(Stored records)

..........

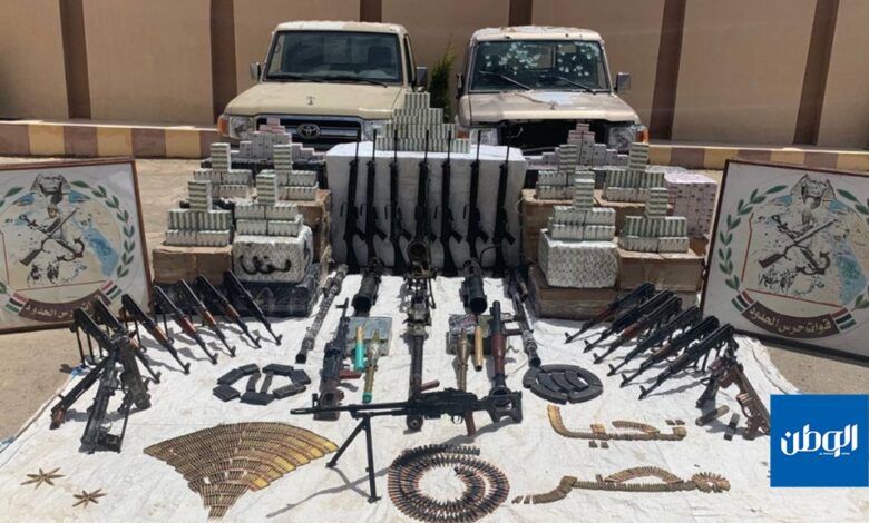 احباط عملية تهريب شحنه كبيرة من الأسلحة ومخدرات قرب الحدود الليبية
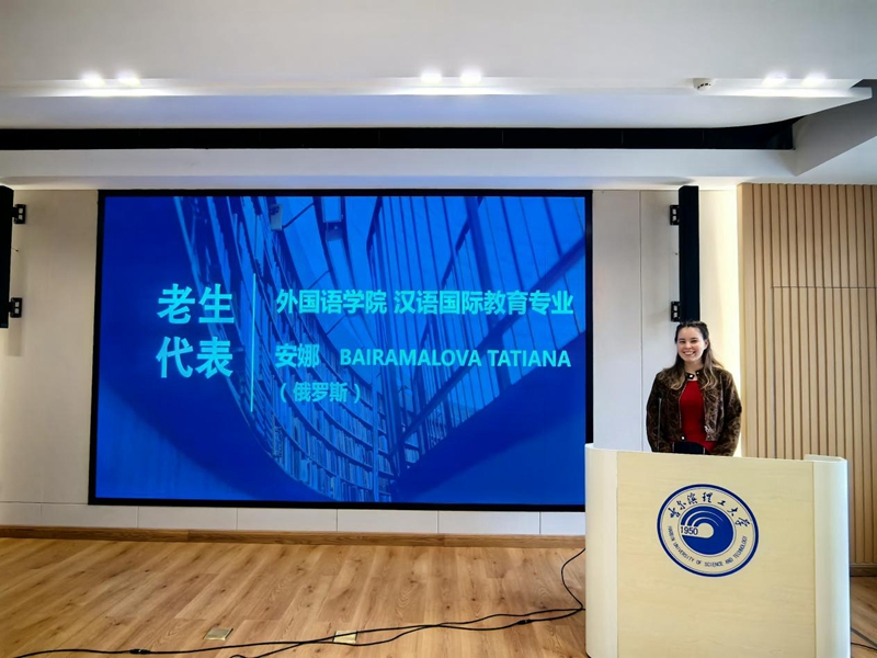 随后,新生代表依次发言。来自俄罗斯的丁小月分享了初到校园的感受,感谢师生温暖陪伴的同时更表达了自己能够快速适应环境的喜悦;来自越南的曦薇同学则表达了对未来学习生活的期许,希望与各位同学共同成长,虽然大家目标不同但是都要成为“更好的自己”。在校生代表安娜以“学姐”的身份,结合自身学习经历为新生们分享了汉语学习的实用建议,鼓励大家克服语言难关,勇敢表达、积极探索。
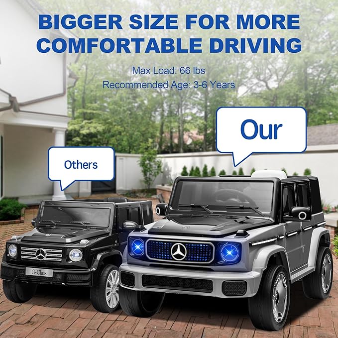 - Realistic Luxury Design: Designed like a modern SUV, this 12V ride-on truck features bright LED headlights, a horn, USB, built-in music, and story playback—making every ride full of excitement and imagination.
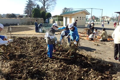 2年生、4年生、6年生が祖父母の皆様と除草や落ち葉掃き、花植えなどを行いました。
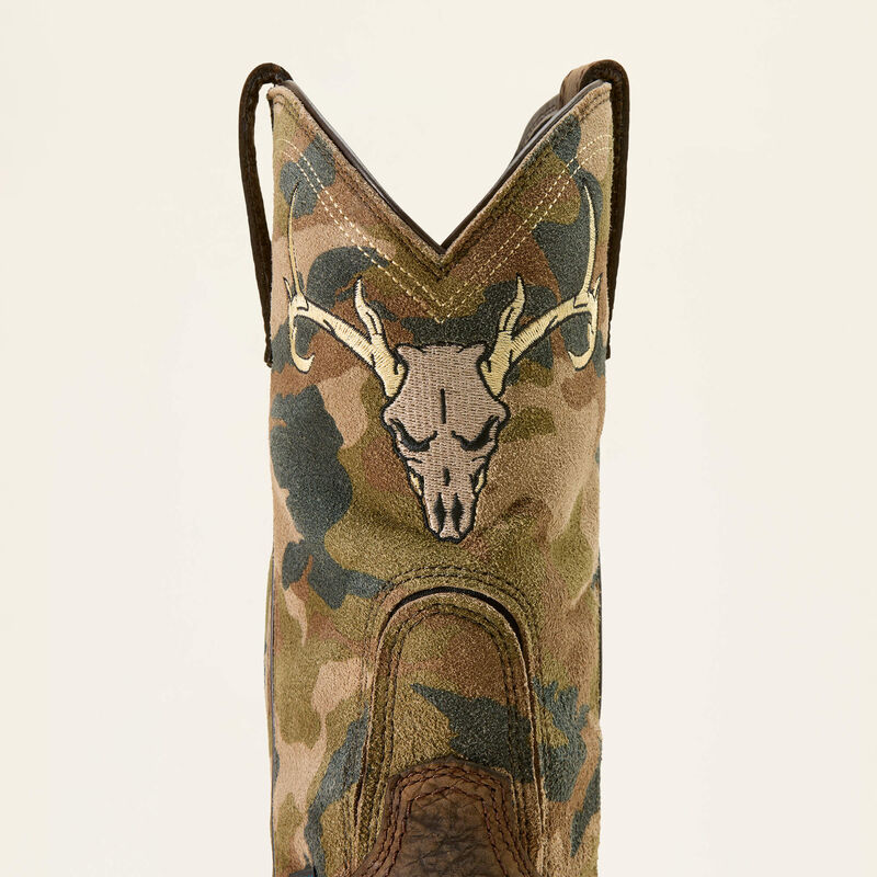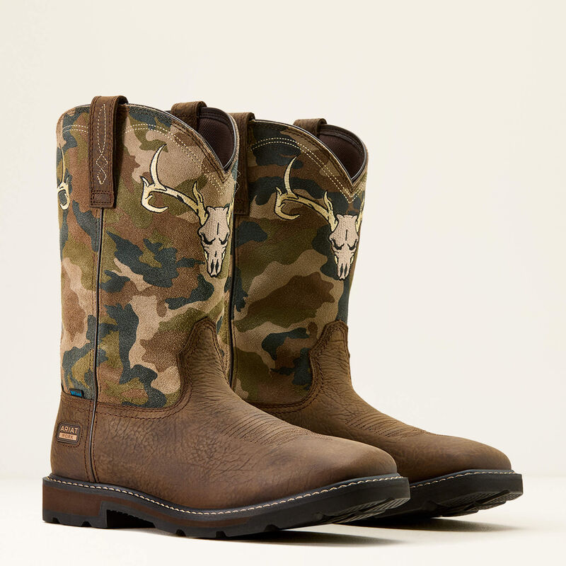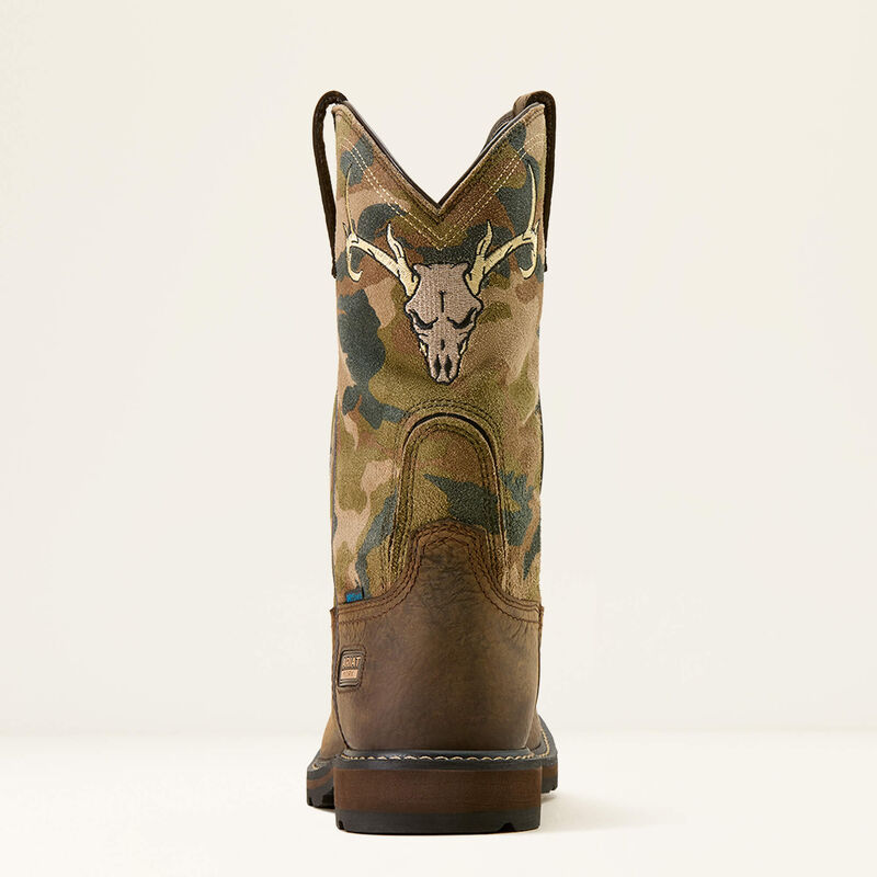 Características La construcción impermeable y transpirable DRYShield ayuda a mantener los pies secos y cómodos cuando se trabaja en terrenos húmedos o fangosos El sistema de entrada U-Turn patentado utiliza un panel flexible en el eje para ayudar a las personas con arcos altos a ponerse botas sin cordones La plantilla All Day Cushioning ayuda a proporcionar comodidad y soporte que se puede quitar fácilmente para limpiar o reemplazar La suela Duratread resistente al aceite y al deslizamiento combina durabilidad con flexibilidad, diseñada para un rendimiento duradero El bordado de calavera de ciervo en la parte delantera de la parte superior La tecnología 4LR con clasificación ASTM F2892 EH SRO proporciona soporte y estabilidad livianos Al comprar este producto, apoya la producción responsable de cuero en curtidurías certificadas por Leather Working Group
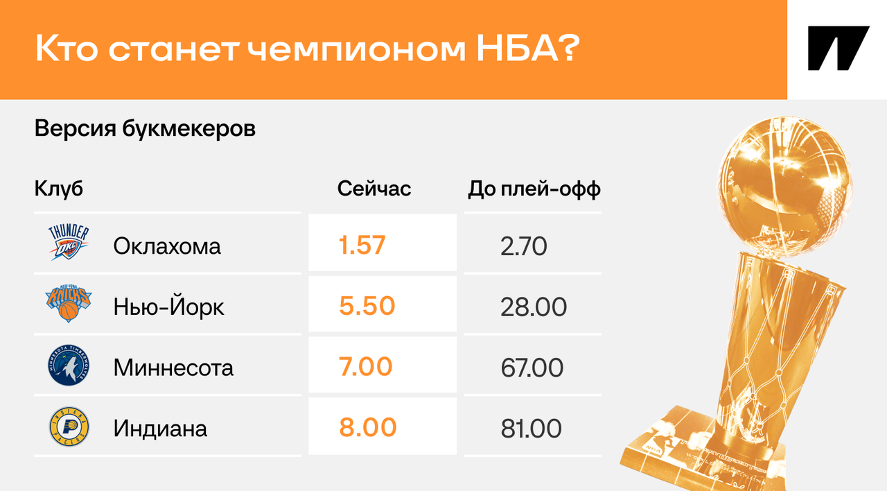 Чемпионство любой другой команды будет сенсаций. Кэф на каждую упал минимум в пять раз со старта плей-офф, но даже так они и не близко к «Тандер».
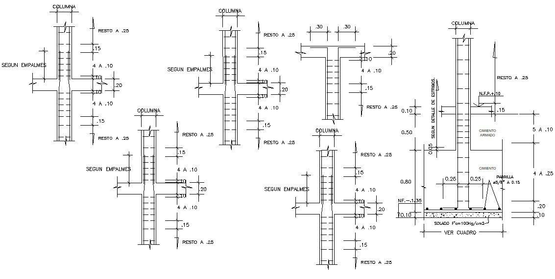 Column reinforcement design that shows reinforcement details in tension and compression zone along with main and distribution hook up and bent up bars details, column footing design, column dimension, and various other details download CAD drawing.
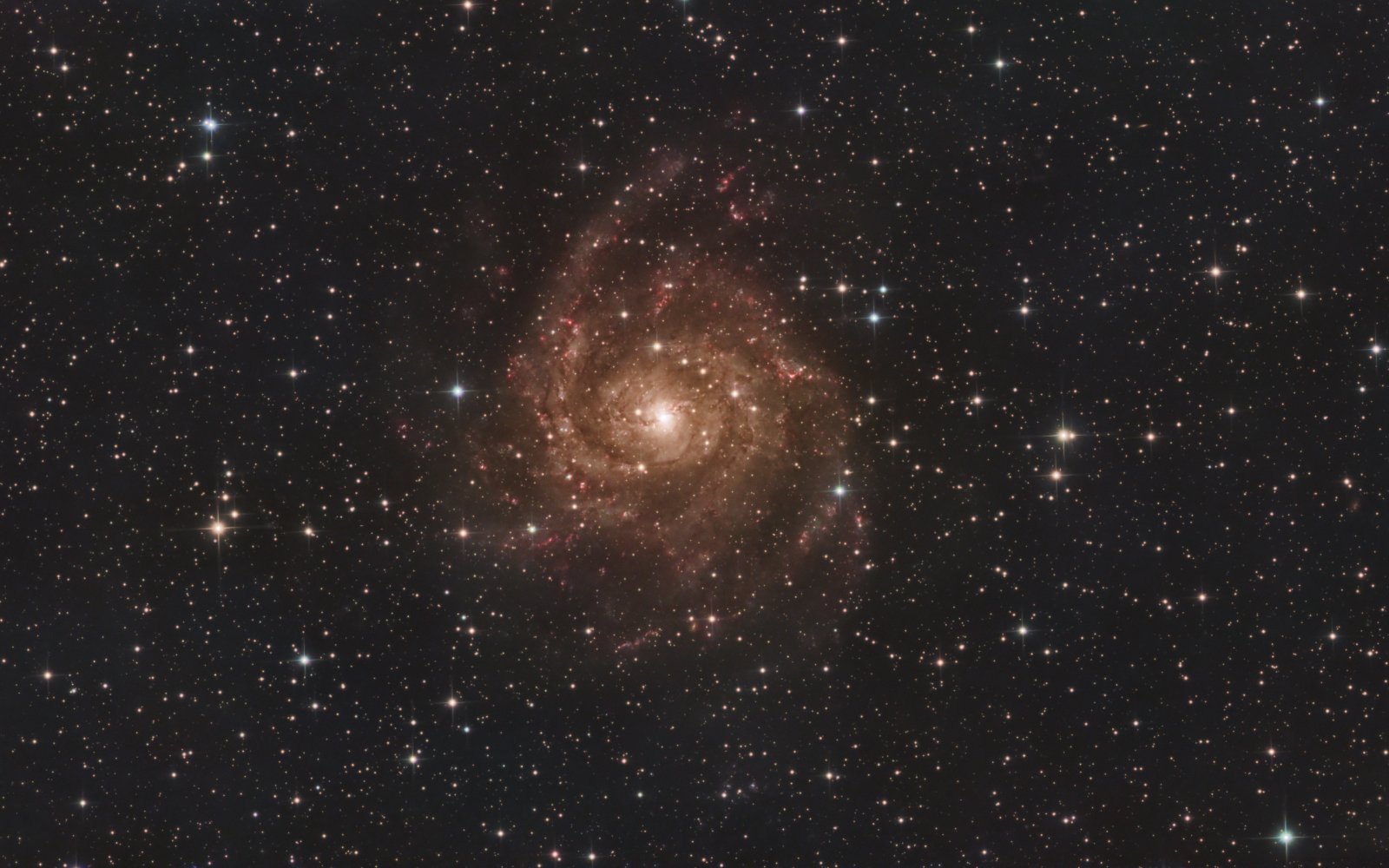 IC 342 – skrytá špirálová susedka Na prvý pohľad to vyzerá „len“ ako ďalšia špirálová galaxia v hviezdnom poli. IC 342 je však trochu výnimočná – keby neležala tak nízko v rovine našej Galaxie a nebola zahalená prachom Mliečnej cesty, patrila by k najvýraznejším objektom severnej oblohy. Aj preto sa jej hovorí „skrytá galaxia“. Na zábere krásne vyniká žiarivé, žltkasté jadro a jemné špirálové ramená, ktoré sa rozbiehajú do všetkých strán. V nich vidno červené H II oblasti – miesta, kde sa práve rodia nové hviezdy – a modrastejšie mladé hviezdokopy. Popredie tvorí husté pole hviezd našej vlastnej Galaxie; len vďaka dlhým expozíciám a citlivému spracovaniu sa cez tento „závoj“ podarilo vytiahnuť aj slabé vonkajšie ramená a prachové štruktúry disku. IC 342 sa nachádza asi 10 miliónov svetelných rokov od nás a spolu s ďalšími galaxiami tvorí tzv. skupinu IC 342/Maffei – jednu z najbližších galaktických susedstiev Mliečnej cesty. Tento snímok tak zachytáva pohľad cez vlastnú Galaxiu hlboko do kozmickej „ulice“, kde sa točí ďalší ostrov hviezd podobný nášmu. Vybavenie: SkyWatcher NEQ6Pro, GSO Newton astrograf 200/800 (200/600 F3), Starizona Nexus 0.75x komakorektor, Touptek ATR585M, AFW-M, Touptek LRGBH filtre, Gemini EAF focuser, guiding TS Off-axis + PlayerOne Ceres-C, SVBony 241 power hub, automatizovaná astrobúdka s mojím vlastným OCS (observatory control system). Software: NINA, Astro pixel processor, GraXpert, Pixinsight, Adobe photoshop Lights 96x180sec. R, 90x180sec. G, 88x180sec. B, 115x120sec. L, 95x600sec Halpha, master bias, flats, master darks, master darkflats Gain 150, Offset 300. 20.9. až 19.11.2025 Belá nad Cirochou, severovýchod Slovenska, bortle 4

..........

DIRECTIONS – Return every entry of the data above verbatim, with no images included.

OUTPUT BELOW –
 احباط عملية تهريب شحنه كبيرة من الأسلحة ومخدرات قرب الحدود الليبية
 随后,新生代表依次发言。来自俄罗斯的丁小月分享了初到校园的感受,感谢师生温暖陪伴的同时更表达了自己能够快速适应环境的喜悦;来自越南的曦薇同学则表达了对未来学习生活的期许,希望与各位同学共同成长,虽然大家目标不同但是都要成为“更好的自己”。在校生代表安娜以“学姐”的身份,结合自身学习经历为新生们分享了汉语学习的实用建议,鼓励大家克服语言难关,勇敢表达、积极探索。
 - Realistic Luxury Design: Designed like a modern SUV, this 12V ride-on truck features bright LED headlights, a horn, USB, built-in music, and story playback—making every ride full of excitement and imagination.
 2年生、4年生、6年生が祖父母の皆様と除草や落ち葉掃き、花植えなどを行いました。
 Características La construcción impermeable y transpirable DRYShield ayuda a mantener los pies secos y cómodos cuando se trabaja en terrenos húmedos o fangosos El sistema de entrada U-Turn patentado utiliza un panel flexible en el eje para ayudar a las personas con arcos altos a ponerse botas sin cordones La plantilla All Day Cushioning ayuda a proporcionar comodidad y soporte que se puede quitar fácilmente para limpiar o reemplazar La suela Duratread resistente al aceite y al deslizamiento combina durabilidad con flexibilidad, diseñada para un rendimiento duradero El bordado de calavera de ciervo en la parte delantera de la parte superior La tecnología 4LR con clasificación ASTM F2892 EH SRO proporciona soporte y estabilidad livianos Al comprar este producto, apoya la producción responsable de cuero en curtidurías certificadas por Leather Working Group
 Чемпионство любой другой команды будет сенсаций. Кэф на каждую упал минимум в пять раз со старта плей-офф, но даже так они и не близко к «Тандер».
 Column reinforcement design that shows reinforcement details in tension and compression zone along with main and distribution hook up and bent up bars details, column footing design, column dimension, and various other details download CAD drawing.
 IC 342 – skrytá špirálová susedka Na prvý pohľad to vyzerá „len“ ako ďalšia špirálová galaxia v hviezdnom poli. IC 342 je však trochu výnimočná – keby neležala tak nízko v rovine našej Galaxie a nebola zahalená prachom Mliečnej cesty, patrila by k najvýraznejším objektom severnej oblohy. Aj preto sa jej hovorí „skrytá galaxia“. Na zábere krásne vyniká žiarivé, žltkasté jadro a jemné špirálové ramená, ktoré sa rozbiehajú do všetkých strán. V nich vidno červené H II oblasti – miesta, kde sa práve rodia nové hviezdy – a modrastejšie mladé hviezdokopy. Popredie tvorí husté pole hviezd našej vlastnej Galaxie; len vďaka dlhým expozíciám a citlivému spracovaniu sa cez tento „závoj“ podarilo vytiahnuť aj slabé vonkajšie ramená a prachové štruktúry disku. IC 342 sa nachádza asi 10 miliónov svetelných rokov od nás a spolu s ďalšími galaxiami tvorí tzv. skupinu IC 342/Maffei – jednu z najbližších galaktických susedstiev Mliečnej cesty. Tento snímok tak zachytáva pohľad cez vlastnú Galaxiu hlboko do kozmickej „ulice“, kde sa točí ďalší ostrov hviezd podobný nášmu. Vybavenie: SkyWatcher NEQ6Pro, GSO Newton astrograf 200/800 (200/600 F3), Starizona Nexus 0.75x komakorektor, Touptek ATR585M, AFW-M, Touptek LRGBH filtre, Gemini EAF focuser, guiding TS Off-axis + PlayerOne Ceres-C, SVBony 241 power hub, automatizovaná astrobúdka s mojím vlastným OCS (observatory control system). Software: NINA, Astro pixel processor, GraXpert, Pixinsight, Adobe photoshop Lights 96x180sec. R, 90x180sec. G, 88x180sec. B, 115x120sec. L, 95x600sec Halpha, master bias, flats, master darks, master darkflats Gain 150, Offset 300. 20.9. až 19.11.2025 Belá nad Cirochou, severovýchod Slovenska, bortle 4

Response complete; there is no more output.